実用書を書く

論文は学術的で高度で専門的である。そのため、理解する対象読者が限られてくる。しかし、それまで高度ではなく、一般読者でも理解できる事象、物語の内容、技法、方法を分かりやすく書く方法が存在する。それは実用書である。または、解説書という。これは自費出版本が出しやすい領域である。書く対象は星の数ほどある。実用書の著者は当然であるがある分野に精通していなければならない。書く対象は、仕事の実務や趣味が中心になってくる。勝負は知識の深さである。そこから発信される情報の正確さが実用書に命になる。
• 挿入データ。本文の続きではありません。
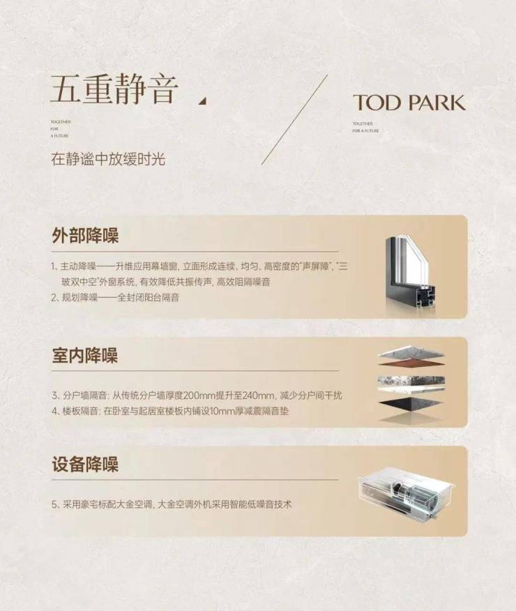 ▶五重静音,三玻二腔外窗系统、设备主机房设置架空车库层及以下、分户墙提升至240mm、铺设10mm减震隔音带、大金空调
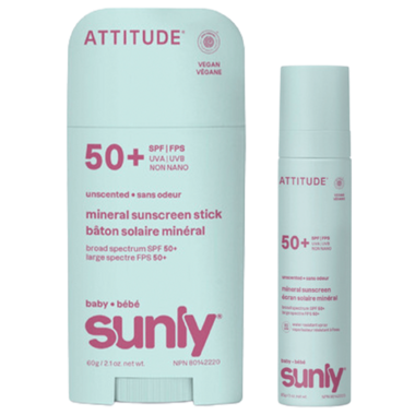 - ATTITUDE Sunly Mineral Sunscreen Face & Body Stick Baby SPF 50 Unscented - 60g
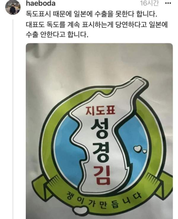 당연하게도 성경김이 일본에서도 판매가 되어야 할 텐데 절대 그곳에서는 살 수 없습니다. 성경김에는 독도가 포함된 한국 지도가 그려져 있기 때문입니다. 성경김은 일본에 판매하는 대신 대한민국 영토를 포기하는 일은 하지 않았습니다.
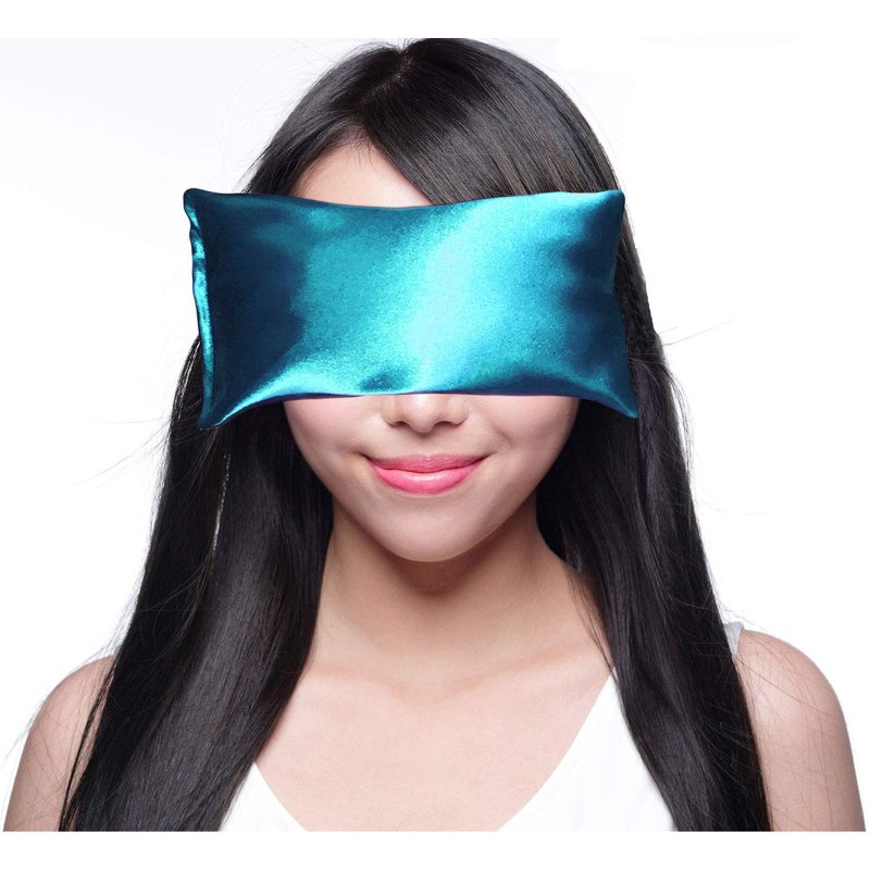 Happy Wraps Lavender Eye Pillow - Hot Cold Aromatherapy Satin Eye Mask for Yoga, Sleeping, Migraines, Stress, Relaxation - Gifts for Women, Birthdays, Coworkers, Christmas - AuqaBlue
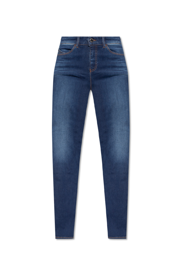 Blue ‘J18’ slim fit jeans from Emporio Armani. Fastened with a button and zip, this pair has a logo patch at the back and five slip pockets.
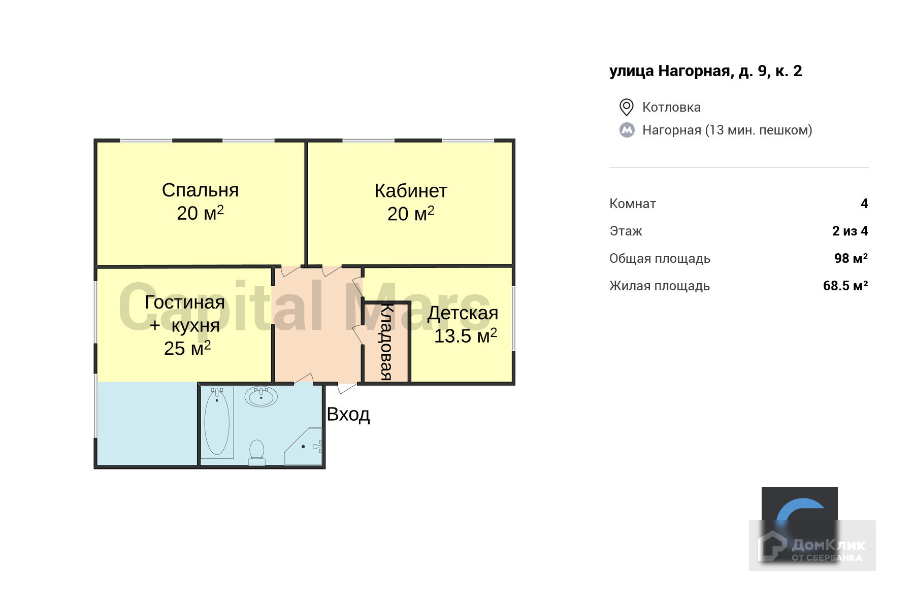 4-комнатная квартира, 98 м2, этаж 2 / 4, на продажу в Москве, Нагорная улица, 9к2
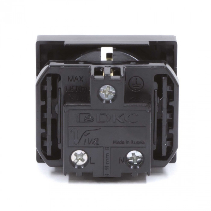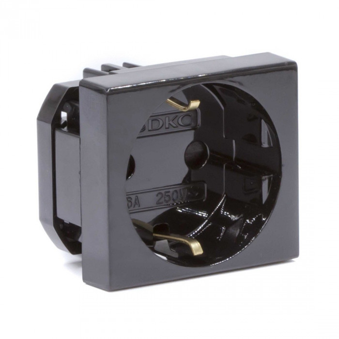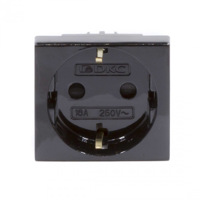 Розетка силовая серии Viva DKC 45205 2Р+Е со шторками чернаяБоковое подключение изделий к электропитанию позволяет экономить пространство при установке в кабель-канал. Специальный суппорт дает возможность закреплять изде...

そこに理論がついてきたとしても、みんなにとって分かりやすいものでなくてはならない。実用書は淡々と事実を書くことが求められる。エッセーの一種である紀行文から著者の感情を削除し、空いた部分に実用的な情報を書くとそれは、旅行者向けの実用書になる。実用書は自分が持つ知識や情報をできるだけ分かり易く読者に伝えることが大切である。そのためには、文章だけに頼ってはいけない。図やイラスト、統計などの力を借りるとよい。実用書の読者は手っ取り早い情報を獲得したがっている。しかし、ある特定の分野に精通したものなら、それに対する熱い想いがあるはずだ。ただ淡々と知識を書くだけだと、著者は不満に思うかもしれない。その場合は、本の区切りとなる部分にコラムを入れるとよいだろう。コラムは読者の息抜きになる。また、その分野への興味も増すだろう。